# WHAT YOU SHOULD DO:
With the pictures left out, restate every entry word for word.

# INFORMATION GIVEN:
☆ ☆ ☆ ☆

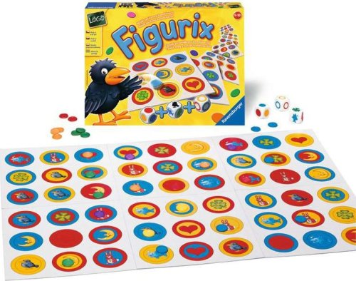Na třech dřevěných kostkách vidíte kroužky, kolečka a obrázky v různých barvách. Kdo najde jako první hozenou kombinaci na barevných tabulích? Obsah balení: 6 hracích tabulí, 3 dřevěné kostky, 36 žetonů v 6 barvách, 1 návod.
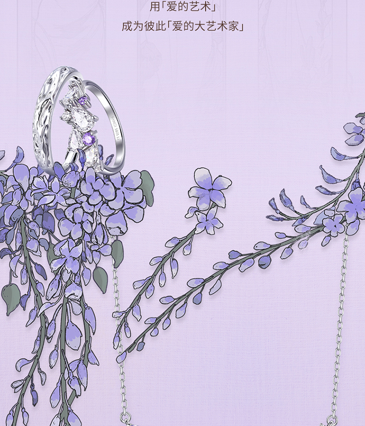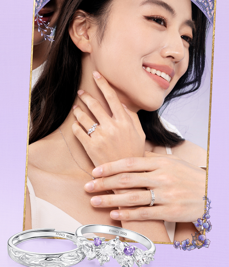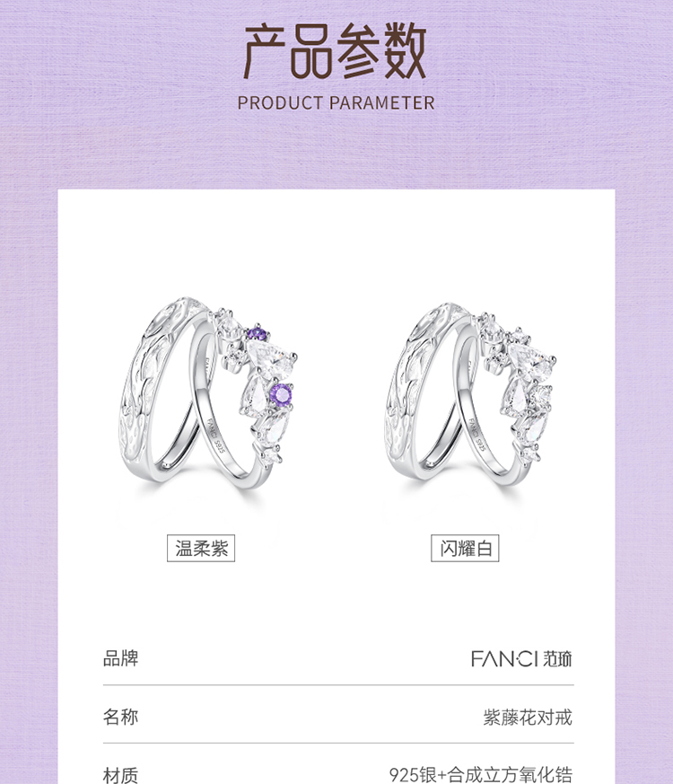 Fanci范琦 紫藤花系列紫藤花情侣对戒 纪念日生日礼物送女友
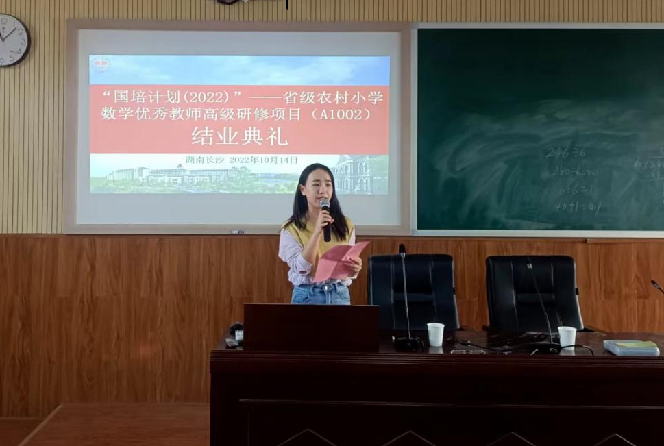 10月14日上午,湖南省省级农村小学数学优秀教师高级研修项目线下集中研修阶段圆满结束,阶段结业典礼在69堂
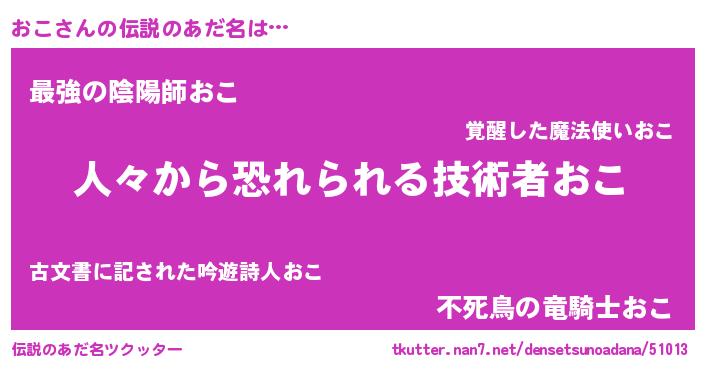 | ヒーロー風カッコイイあだ名 | 『正義の使者おこ』『ウルトラおこマン』 |
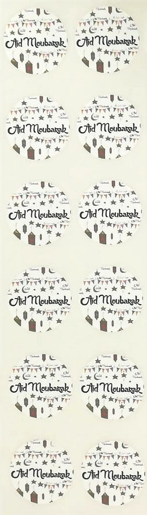 Lot de 24 autocollants "Aïd Moubarak" bilingue (français/arabe) pour cadeau musulman - Stickers autocollants Eid Mubarak ronds (4 cm) - REF. 28669 (2.50 €) - En Promotion à 1.90 €
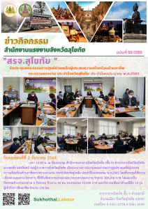 สรจ.สุโขทัย รายงานผลการดำเนินงานศูนย์บริการร่วมกระทรวงแรงงานจังหวัดสุโขทัย ประจำเดือนพฤศจิกายน 2564
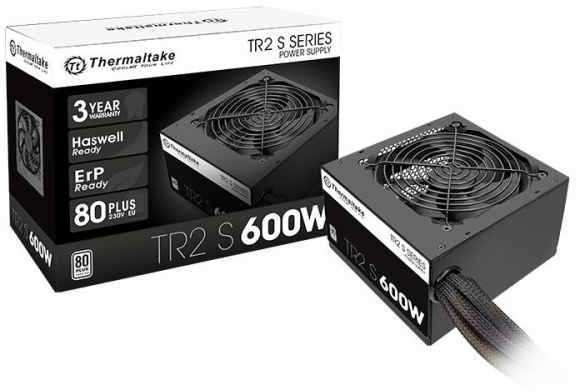 Thermaltake TRS-600AH2NK. Total power 600 W, AC input voltage 230 V, AC input frequency 50 - 60 Hz. Fan diameter 12 cm, Number of fans 1 fan(s), Fan location Top. Motherboard power connector 20+4 pin ATX, Cabling type Modular. Purpose PC, Power supply unit (PSU) form factor ATX, Mean time between failures (MTBF) 100000 h. Product colour Black

☆ ☆ ☆ ☆

# EXPECTED OUTPUT:
Na třech dřevěných kostkách vidíte kroužky, kolečka a obrázky v různých barvách. Kdo najde jako první hozenou kombinaci na barevných tabulích? Obsah balení: 6 hracích tabulí, 3 dřevěné kostky, 36 žetonů v 6 barvách, 1 návod.
 Fanci范琦 紫藤花系列紫藤花情侣对戒 纪念日生日礼物送女友
 10月14日上午,湖南省省级农村小学数学优秀教师高级研修项目线下集中研修阶段圆满结束,阶段结业典礼在69堂
 | ヒーロー風カッコイイあだ名 | 『正義の使者おこ』『ウルトラおこマン』 |
 Lot de 24 autocollants "Aïd Moubarak" bilingue (français/arabe) pour cadeau musulman - Stickers autocollants Eid Mubarak ronds (4 cm) - REF. 28669 (2.50 €) - En Promotion à 1.90 €
 สรจ.สุโขทัย รายงานผลการดำเนินงานศูนย์บริการร่วมกระทรวงแรงงานจังหวัดสุโขทัย ประจำเดือนพฤศจิกายน 2564
 Thermaltake TRS-600AH2NK. Total power 600 W, AC input voltage 230 V, AC input frequency 50 - 60 Hz. Fan diameter 12 cm, Number of fans 1 fan(s), Fan location Top. Motherboard power connector 20+4 pin ATX, Cabling type Modular. Purpose PC, Power supply unit (PSU) form factor ATX, Mean time between failures (MTBF) 100000 h. Product colour Black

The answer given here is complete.